4. The system according to claim 1, wherein the document scanning device further comprises:

The establishment module is suitable for establishing an information library for each sample file to be scanned before the probability calculation module calculates the probability that each sample file to be scanned is identified as suspicious, and the information library includes the corresponding The time point n ₁ of the last scan.
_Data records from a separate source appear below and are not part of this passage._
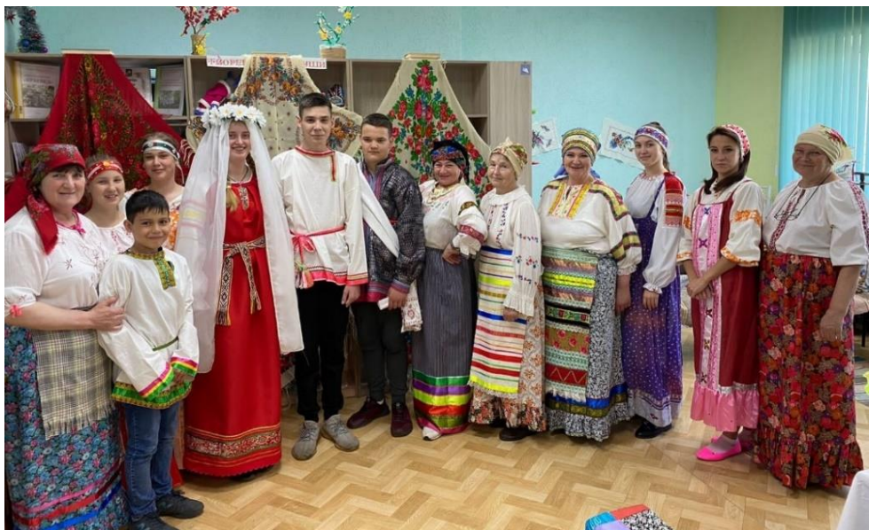
Библионочь «Радуга народных традиций»

С участием членов клуба «Беседушка» познавательно и увлекательно проходят в библиотеке Всероссийские акции «Библионочь» и «Ночь искусств». Для проведения этих мероприятий приглашаем гостей: творческих людей, мастеров прикладного творчества, музыкантов. Незабываемо прошли мероприятия «Библионочи»: «Один вечер в мире книг», «Вечер в кругу друзей» в рамках юбилея библиотеки, квест-игра «Тайны космоса», фольклорные посиделки «Радуга народных традиций» с рассказом об обрядах нашего села и реконструкцией старинного обычая выкупа невесты. А также мероприятия «Ночи искусств»: «Осенний марафон ремесел», «А у нас – Казанская, престольный праздник с. Благие». Яркие, интересные, костюмированные праздники дарят незабываемые впечатления присутствующим и остаются в памяти надолго.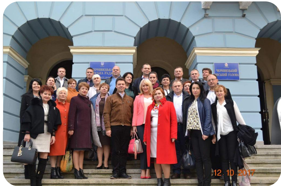
м. Чернівці (жовтень 2017 року)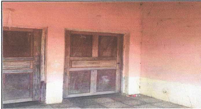
Foto 3: SUSTITUCION DE CHAPAS Y RESTAURACION DE PUERTAS EN LOS MÓDULOS ✓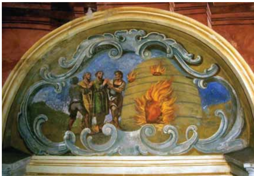
Slika 1. Zidna slika u luneti sjevernog zida pod četvrtim travejem, zatečeno stanje.

u crkvi sv. Kuzme i Damjana u Kuzmincu”. Ta se sistematična i iscrpna dokumentacija kao i plodonosna suradnja dviju institucija činila dovoljno dobrim povodom i izvorom za nastanak teksta koji slijedi - sažetog opisa konzervatorsko - restauratorskih radova na zidnoj slici iz ciklusa mučeništva sv. Kuzme i Damjana.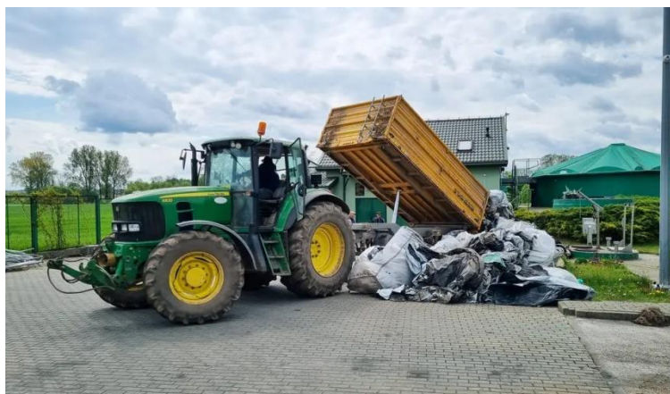
Zbiórka folii rolniczych na terenie PSZOK

Tak jak co roku również w roku 2022 Gmina zakończyła i rozliczyła realizację zadania pn.: „Usuwanie wyrobów zawierających azbest z terenu Gminy Łaskarzew w 2022 roku”. Zadanie dotyczyło 35 osób, które złożyły wnioski do tut. Urzędu. W ramach zadania dokonano unieszkodliwienia azbestu w ilości 102,941 Mg. Gmina Łaskarzew otrzymała na ten cel dotację w wysokości do 34.999,94,00 zł z Wojewódzkiego Funduszu Ochrony Środowiska i Gospodarki Wodnej w Warszawie, co stanowi 100% kosztu kwalifikowanego tego zadania.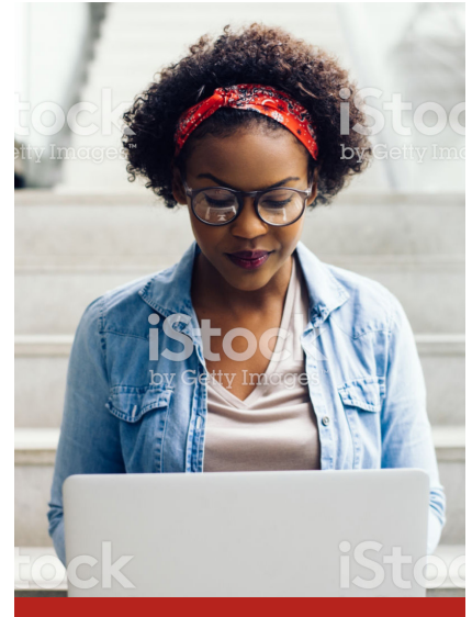
Image caption Omnis earia sundi dolorrovit occupas et verum, que peliquo offic tem. Ut ea nam elles sit litate sum unt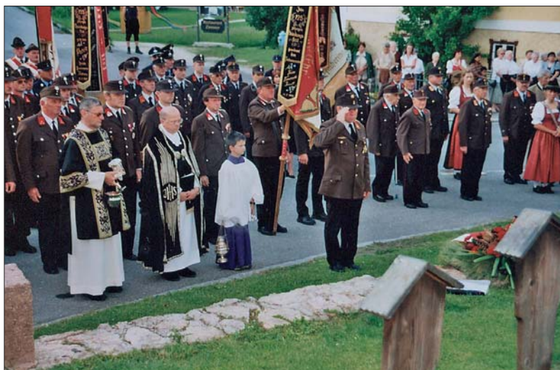
Heldenehrung mit Kranzniederlegung am Heldenfriedhof

Bei der anschließenden Florianifeier vor dem Gemeindegemeindeamt konnten wieder einige Kameraden geehrt und befördert werden. Besonders erfreulich war, dass wir wieder 7 junge Kameraden zum Dienst in der Feuerwehr angeloben konnten.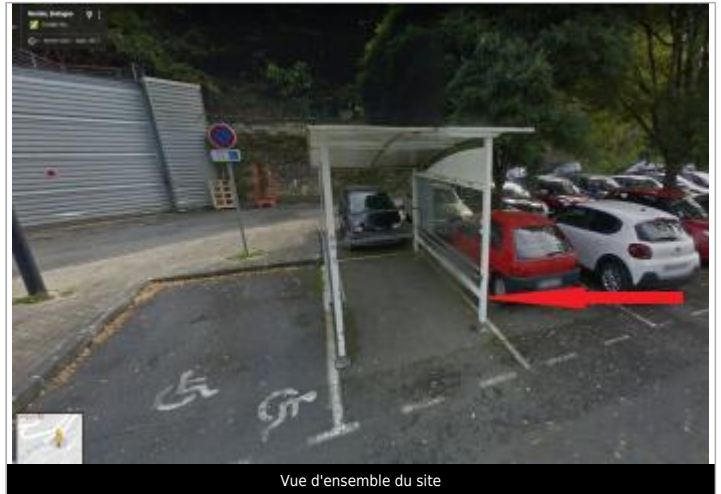
Vue d'ensemble du site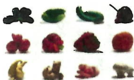
Fruits et légumes (épluchures et produits abimés)

Restauration : les principaux biodéchets qui doivent être triés et valorisés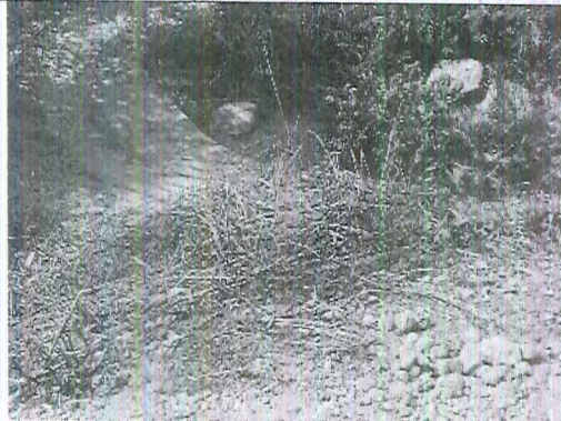
Imagen 7. Quema focalizada.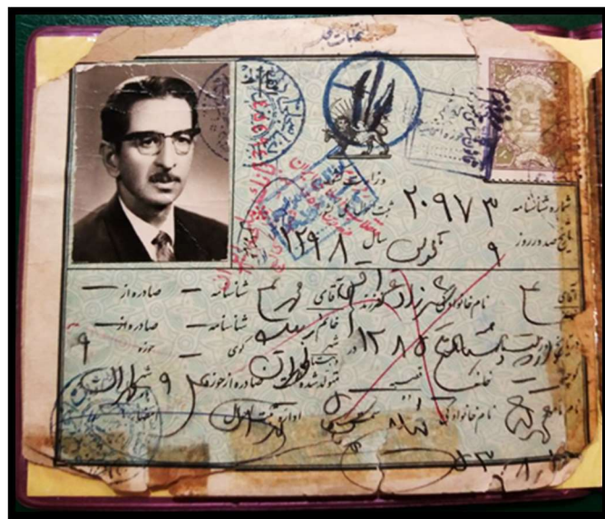
شناسنامه با تمبر ۱۰ ریال ثبت احوال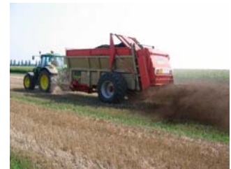
Préciser les doses maximales d'épandage.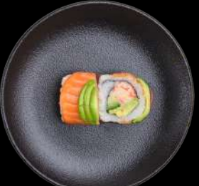
66. RAINBOW surimi, avocado & agurk toppet med tun, laks, flamberet laks, rejer & avocado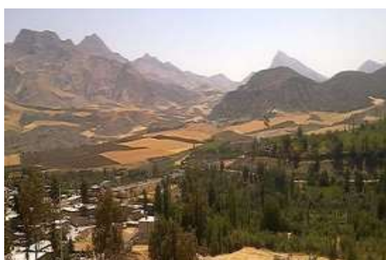
ارتفاعات قلعه قاضی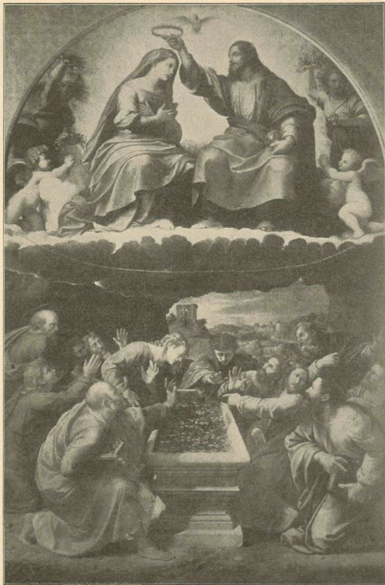
Slikal Giulio Romano.

sicer zaničujem slovensko sodrgo, a priznati moram, da slovenske devojke tekmujejo z najlepšimi nemškimi krasoticami. In Milena je cvet slovenskih deklet.“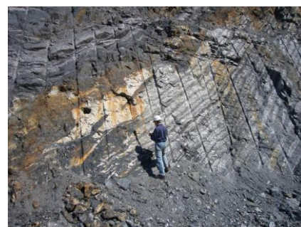
Fig. 1 Contacto de las ritmitas de magnesita con materiales pelíticos en la corta de Azcárate.

Los paquetes de magnesita (Fig. 1) son de tipo estratoligado y se sitúan preferentemente en la parte central de las dolomías, en paquetes de hasta 35 m, con una potencia acumulada máxima de 150 m (González-López y Arrese, 1977). Presentan texturas tipo cebrado o "ritmita", con una alternancia centimétrica de bandas oscuras y claras del mismo mineral, magnesita. Además en el interior de los paquetes se pueden encontrar niveles pelíticos de potencia centimétrica-decimétrica.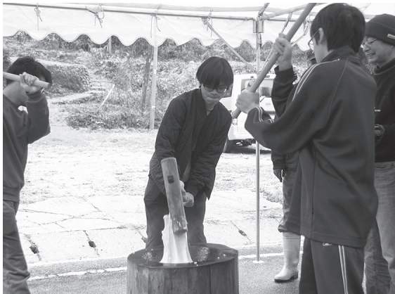
地域の人に教わりながら、杵と臼で餅つき

12月14日、高尾地区で、地域の人たちと日野高校双葉寮生、下宿生が餅つきを行いました。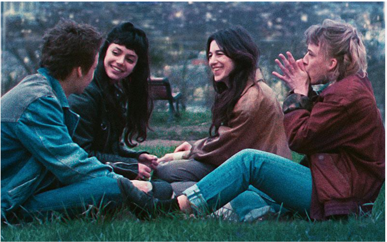
Постер к фильму «Пассажиры ночи»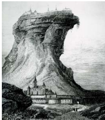
Այսպես էր պատկերացնում Վանը ֆրանսիացի նկարիչ Ժակ-Հիպոլիտ Վանդերբուրխը (XIX դ. սկիզբ, գրավյուր) 4

Իսկ քարածայրի՝ դեպի արեգակը դարձած կողմը, որտեղ այժմ և ոչ մի զիծ կարող է մարդ գծել երկաթով այսպիսի կարծր քարի մեջ զանազան տաճարներ, սենյակներ, ննջարաններ, գանձարաններ և երկար վիհեր՝ հայտնի չէ ինչ բանի համար, հրաշակերտեց: Իսկ քարածայրի բոլոր երեսը հարթելով, ինչպես գրչով հարթում են մեղրամուրը, վրան շատ գրեր գրել սովեց, որոնց տեսքը միայն բոլորին զարմացնում է և ոչ միայն այստեղ, այլև Հայոց աշխարհում, շատ տեղերում արձաններ կանգնեցրեց, և նույն գրերով իր մասին ինչ-որ հիշատակ հրամայեց գրել և շատ տեղերում նույն գրով սահմաններ էր հաստատում» 3 :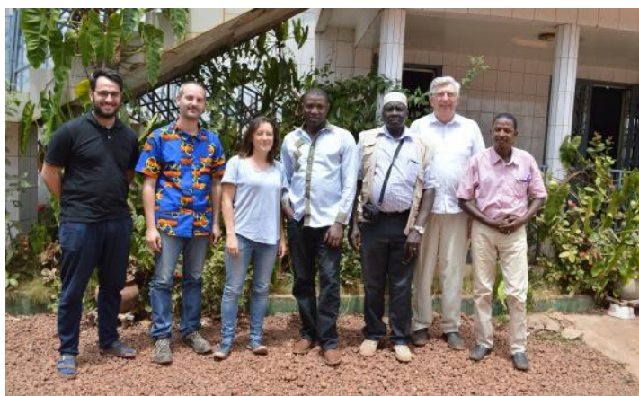
Les équipes du Partenariat de Lille et de Guinée se rencontrent à Labé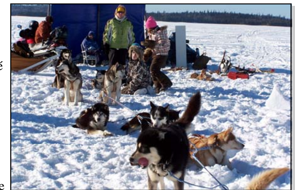
Un Musher montrait ses chiens de traîneaux aux festivaliers.

Les membres du Comité Sports et Loisirs de Montbeillard qui ont fait le pari de réussir un si grand rassemblement, avec la contribution financière du Pacte Rural de Rouyn-Noranda, l'ont gagné. Y a-t-il une leçon à en tirer ? Oui, si nous avons tant apprécié la visite des gens de toute la MRC lors du premier Opasatica village sur glace on doit rendre la politesse à ceux qui sont venus en les visitant chez eux lorsqu'ils organisent un grand événement. Plus on est nombreux plus on s'amuse.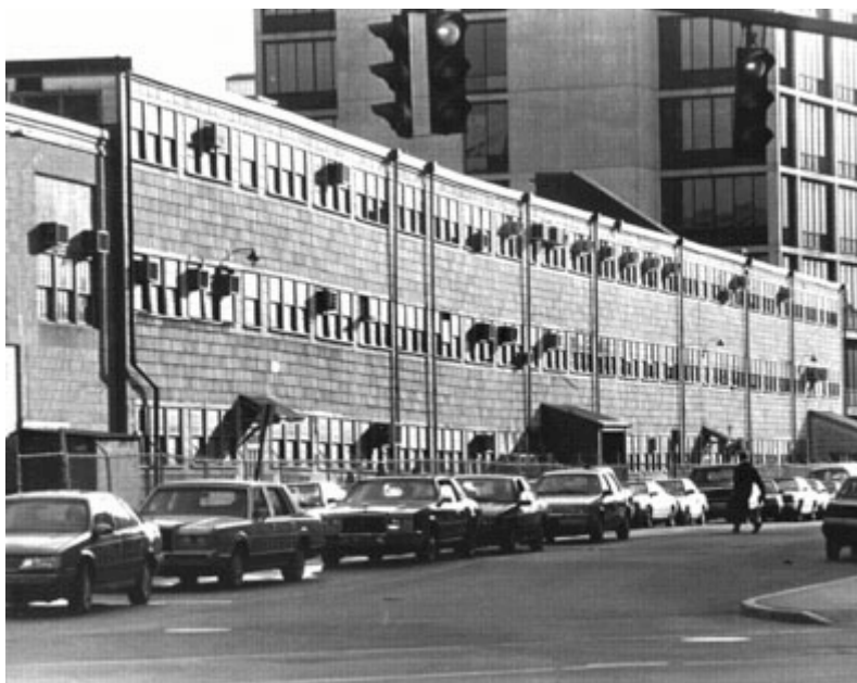
El Edificio 20, hoy ya demolido, con el Edificio 26 detrás

no era extraño encontrarlos a altas horas de la madrugada recorriendo edificios y túneles de servicio intentando averiguar cómo funcionaba el complejo sistema telefónico del MIT, sistema que llegaron a conocer mejor que quienes lo habían instalado, o abriendo puertas tras las que oían algún sonido intrigante para ver qué era lo que lo producía, y si no había nadie que lo impidiera, ponerse a tocar la máquina en cuestión intentando ver qué hacía y cómo funcionaba.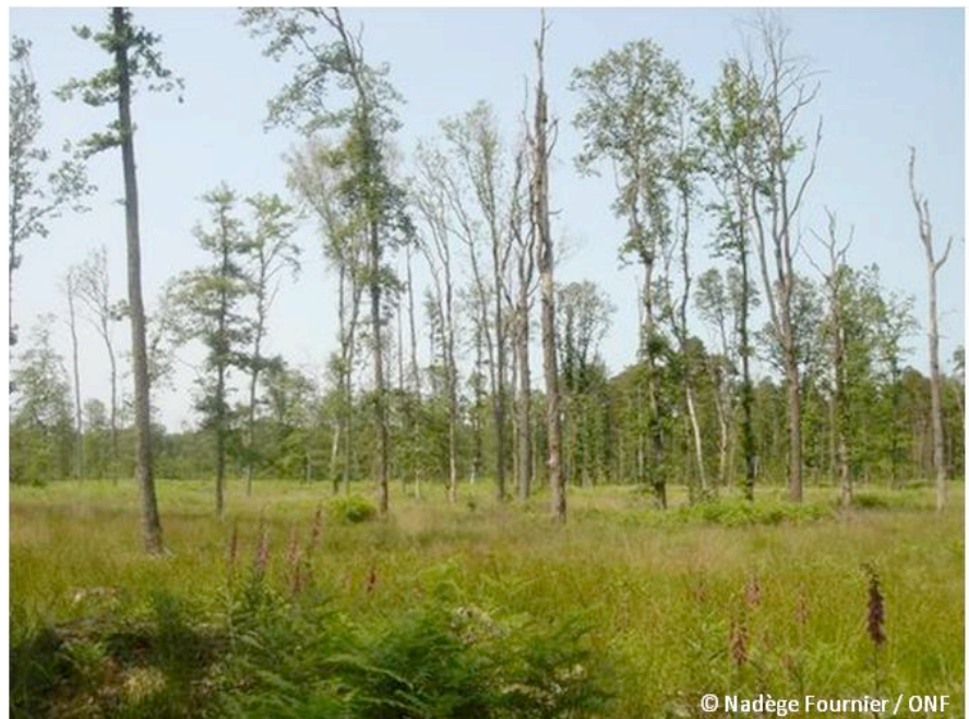
Figure 2. Peuplement de chênes dépérissants en forêt de Vierzon, à la suite de la canicule de 2003

Champignons pathogènes et insectes peuvent d'autre part être des agents primaires de dommages (fig. 3). Ainsi, plus de 300 espèces différentes d'insectes à l'origine de dégâts (près de 35000 fiches) sont répertoriées dans la base du DSF de 1989 à 2006. Toutefois, la plus grande part des dégâts incombe à un petit nombre de ces espèces: 13 espèces, parmi lesquelles beaucoup d'insectes sous-corticaux (qui se développent sous l'écorce) des résineux (scolytes) et des chenilles défoliatrices sont à l'origine de 60% des mentions. De même, les 17000 fiches de mentions de maladies correspondent à 206 espèces de champignons pathogènes, dont 13 sont à l'origine de 60% des mentions, parmi lesquelles des agents de pourriture des racines et du bois, des pathogènes foliaires et des agents de chancres corticaux ,( sur écorce et donc affectant tronc et branches).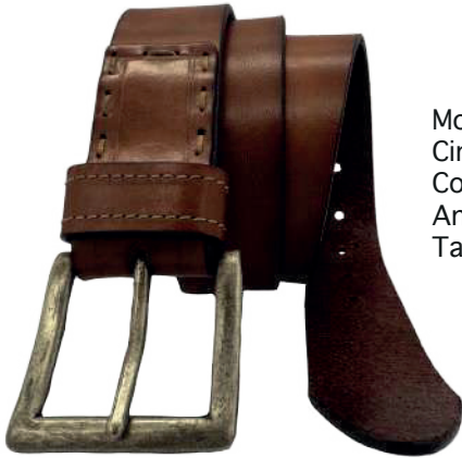
Modelo: 4188 Cinturón casual, vaqueta encino Colores: cognac, negro y café Ancho: 38 mm Tallas: 30-44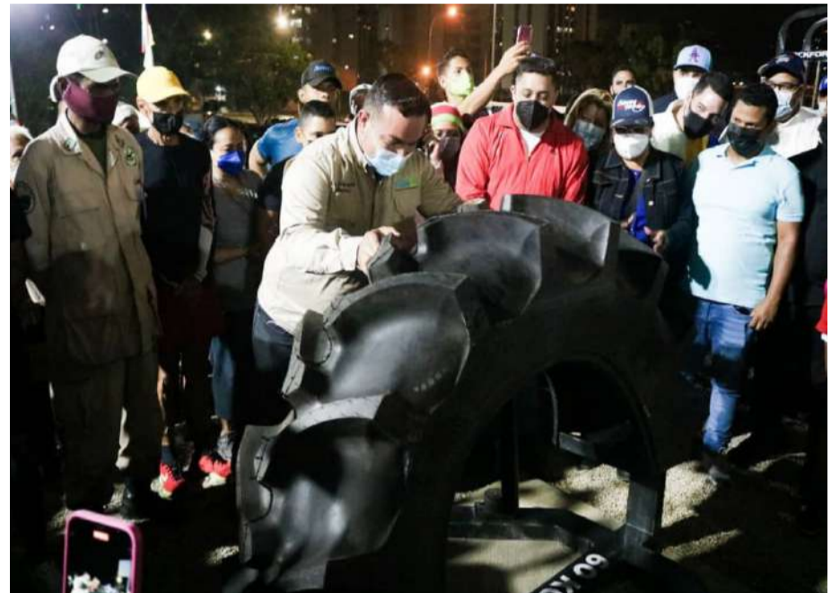
Este es un espacio para la vida y el buen vivir del pueblo

"Este sitio es para la actividad física, el deporte y la recreación de nuestros niños, jóvenes, adultos y adultos mayores, con el compromiso además del cuidado y mantenimiento por parte de la comunidad", sostuvo Maldonado.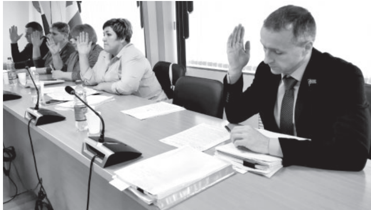
Сессия СНД Усть-Камчатского района

В Усть-Камчатске прошли очередные сессии депутатов поселения и района. Традиционно их основной темой стал бюджет.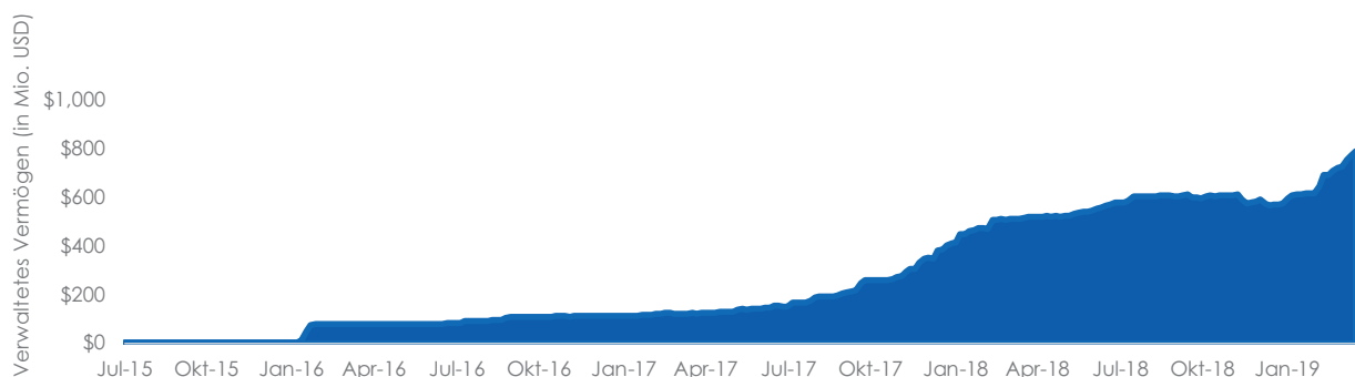
ABBILDUNG 1: ELTWEIT VERWALTETE VERMÖGEN IN ENHANCED-YIELD-ANLEIHEN-ETFs VON WISDOMTREE

Stand: 26. März 2019. Die Wertentwicklung in der Vergangenheit ist kein Maßstab für zukünftige Ergebnisse, und Anlagen können im Wert fallen. Sie können nicht direkt in einen Index investieren.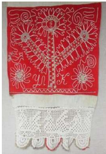
Полотенце ручной работы. д. Покровское, Медвежьегорский район, нач. XX века Из фондов Медвежьегорского районного музея

Свадебное полотенце произведено на ТОО НХП «Заонежская вышивка» в 1994 году.

5. The system according to claim 1, wherein the probability calculation submodule comprises:

The probability calculation unit is adapted to calculate the probability Pr(N≥n│α, β) that each sample file to be scanned is not identified as suspicious for the first n-1 times, and is identified as suspicious for the nth time:

Pr PR ((N N &GreaterEqual; &Greater Equal; n no | | α α,, β β)) = = \{\begin{matrix} 11,, & n no = = 11 \\ \frac{β β + + n no - - 22}{α α + + β β + + n no - - 22} P P ((N N &GreaterEqual; &Greater Equal; n no - - 11 | | α α,, β β)),, & n no > > 11 \end{matrix};;

The first replacement unit is adapted to replace n in the Pr(N≥n│α, β) with n ₁ to calculate Pr(N≥n ₁ │α, β);

The second replacement unit is adapted to replace n in the Pr(N≥n│α, β) with n ₂ +1, and calculate Pr(N≥n ₂ +1│α, β);

A difference calculation unit, adapted to calculate the difference between Pr(N≥n ₁ │α, β) and Pr(N≥n ₂ +1│α, β), to obtain the probability Pr(N≥n│α, β ).